*Input data:*
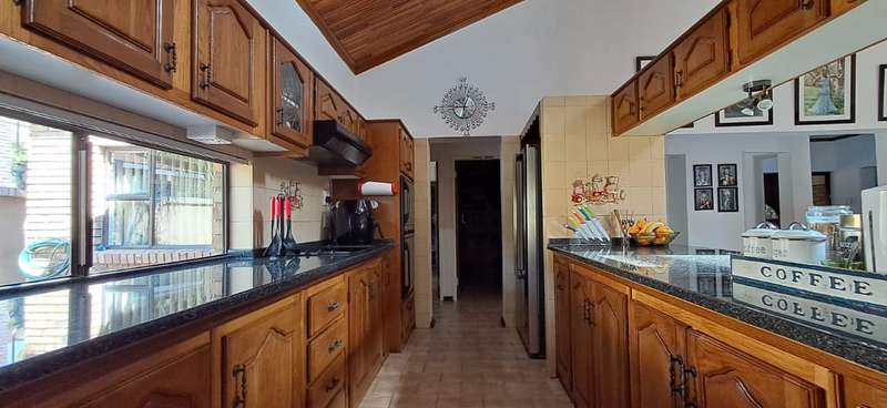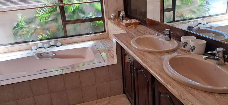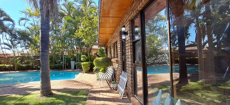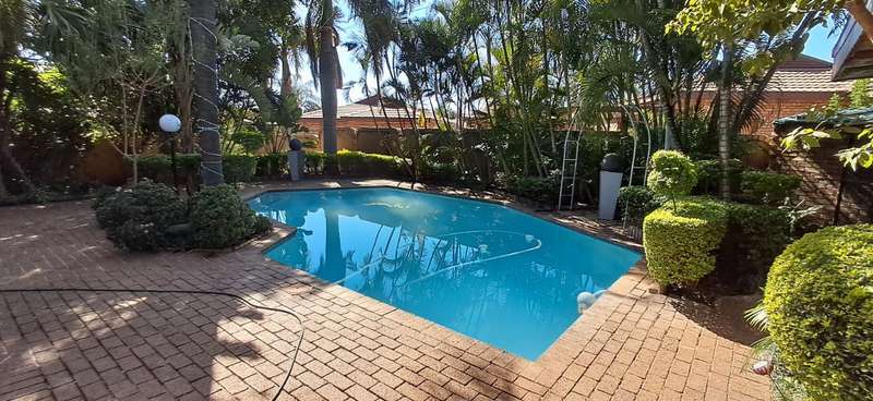 A luxurious and spacious 5 bedrooms house with built-in cupboards in all the rooms, 4 bathrooms, two en-suite, a kitchen perfect for chefs, and plenty of living spaces for relaxation and entertainment. A well maintained garden, swimming pool and borehole. 2 x Water tanks for sustainability! One for the garden and one for house hold use. Double garage and 2 x carports as well as servants room and bathroom. The property is well located near shopping facilities and other amenities and has easy access to all major routes.
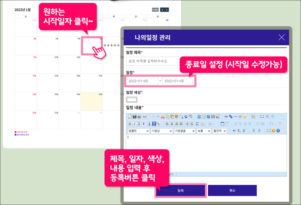 - 원하는 시작일자를 클릭하거나 종료일자를 설정하여 시작일 수정도 가능합니다.
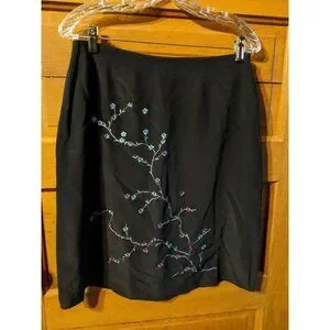 Mixit Woman Embroidered Floral Black Skirt Size 10 Blue Purple Lined
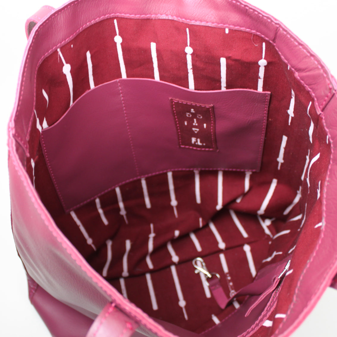Die Tasche hat zwei Innentaschen und ein Schlüsselband.
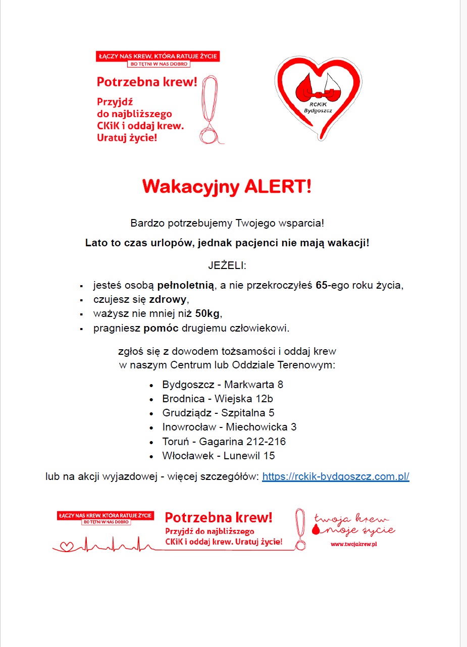 Oddawanie krwi to prosty sposób na uratowanie życia, a w okresie wakacyjnym zapotrzebowanie na krew jest jeszcze większe. Wiele osób wyjeżdża na wakacje, co powoduje, że liczba dawców spada. Każda kropla ma ogromne znaczenie Dołącz do grona tych, którzy niosą pomoc, i podziel się tym, co najcenniejsze. Razem możemy zrobić coś naprawdę wyjątkowego!
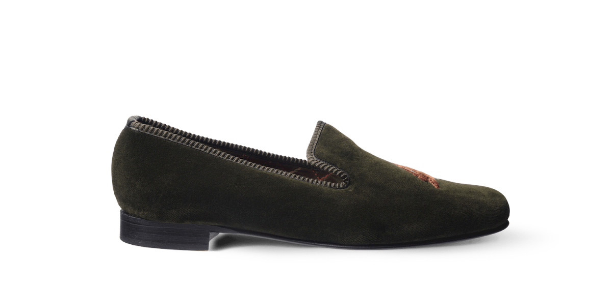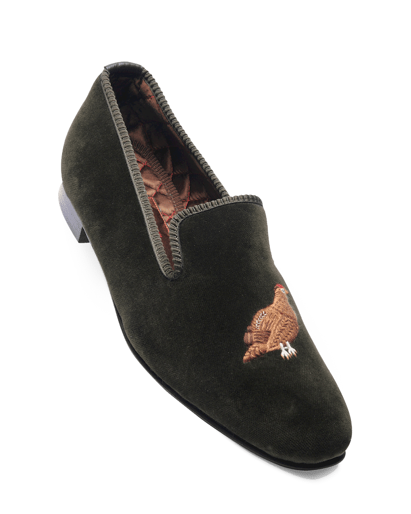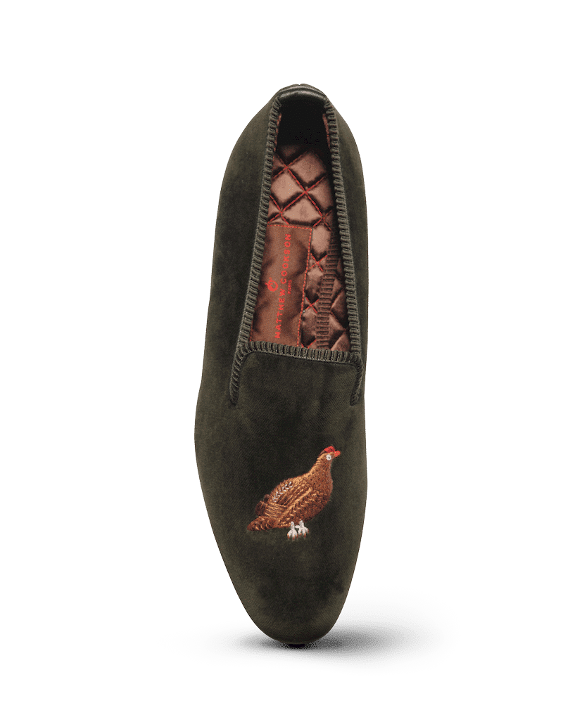 Les slippers grouse Matthew Cookson sont faites en velours de coton et brodées à la main, la doublure est en satin matelassé, le tout monté sur une fine semelle en cuir. Le summum de l’élégance et du confort.
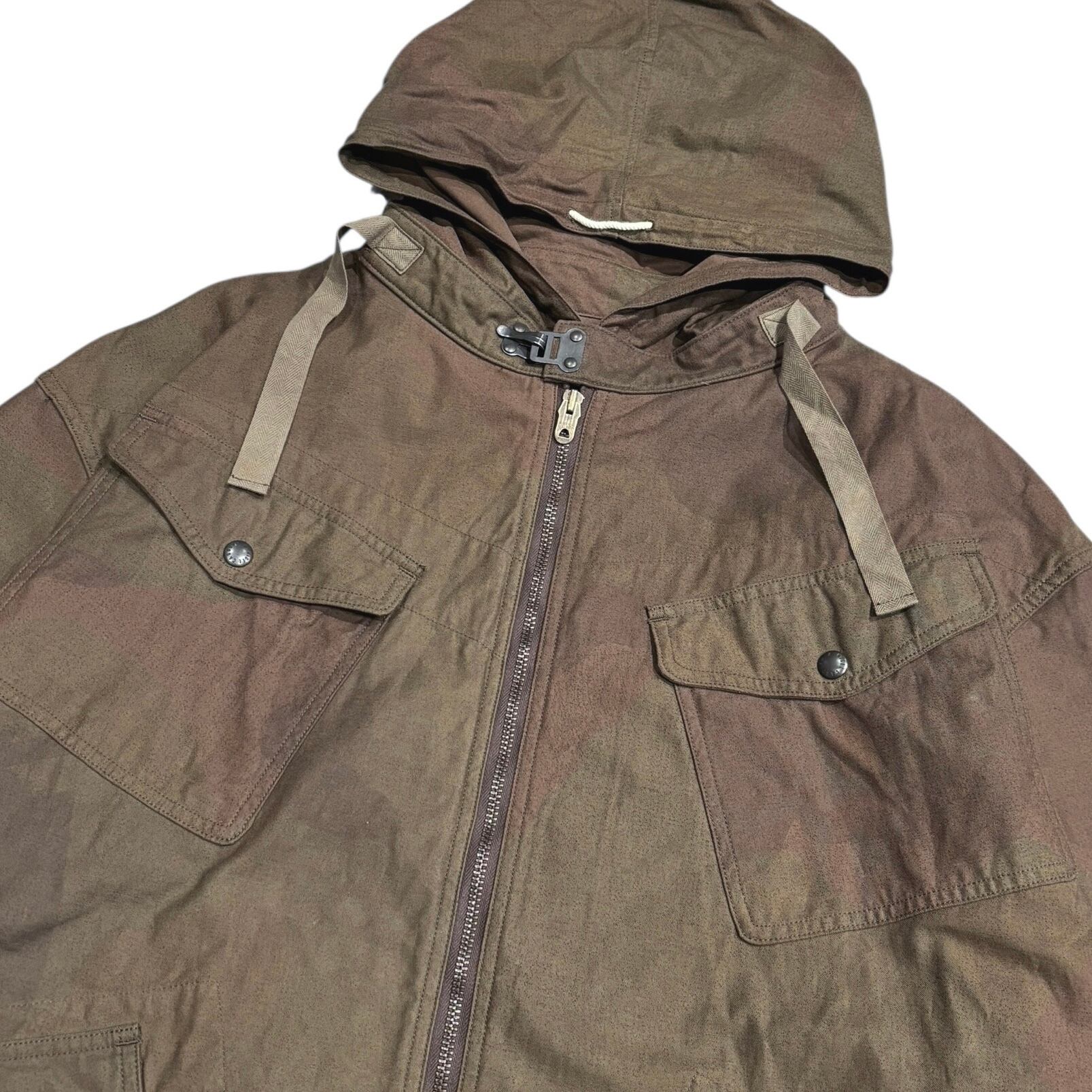 フロントの大ぶりなフラップポケットや各部のドローストリングなども、ミリタリーらしい機能美の詰まったディテールです。
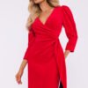 Elegant velour knit dress that combines comfort with sophisticated style. The top of the dress has an envelope cut, subtly emphasizing the neckline, and a decorative sash that adds a chic touch. The knee-length pencil bottom emphasizes the feminine silhouette, and there is a high slit at the back, giving the creation sensuality. The dress has 7/8 length sleeves, with a delicate crease on the shoulders and an overlap, which gives the whole an elegant expression. Partially lined, with a concealed zipper on the side, providing a discreet closure. Designed and sewn in Poland, it is the perfect choice for special occasions.
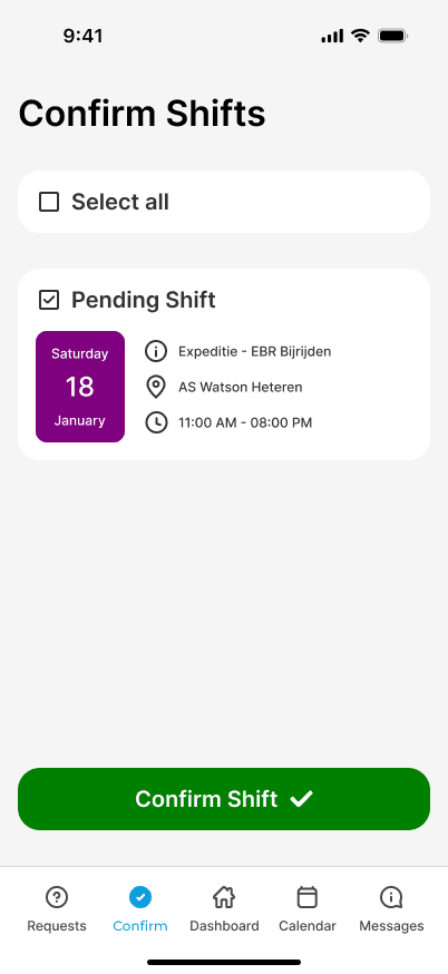Voor mijn werk in het distributiecentrum van de Kruidvat maaktte ik gebruik van de app Planbition om mijn planning in te zien en om shifts te accepteren. Ik ervaarde echter vaak problemen met deze app, hierdoor ging ik nadenken over wat ik persoonlijk zou veranderen aan de app. Vervolgens ben ik in Figma bezig gegaan met een herontwerp van de app.

*Exercise:*
Start with the first line of the records above and end with the line containing "- 원하는 시작일자를 클릭하거나 종료일자를 설정하여 시작일 수정도 가능합니다.". Output those lines exactly, pictures excluded.

*Result of this exercise:*
 A luxurious and spacious 5 bedrooms house with built-in cupboards in all the rooms, 4 bathrooms, two en-suite, a kitchen perfect for chefs, and plenty of living spaces for relaxation and entertainment. A well maintained garden, swimming pool and borehole. 2 x Water tanks for sustainability! One for the garden and one for house hold use. Double garage and 2 x carports as well as servants room and bathroom. The property is well located near shopping facilities and other amenities and has easy access to all major routes.
 - 원하는 시작일자를 클릭하거나 종료일자를 설정하여 시작일 수정도 가능합니다.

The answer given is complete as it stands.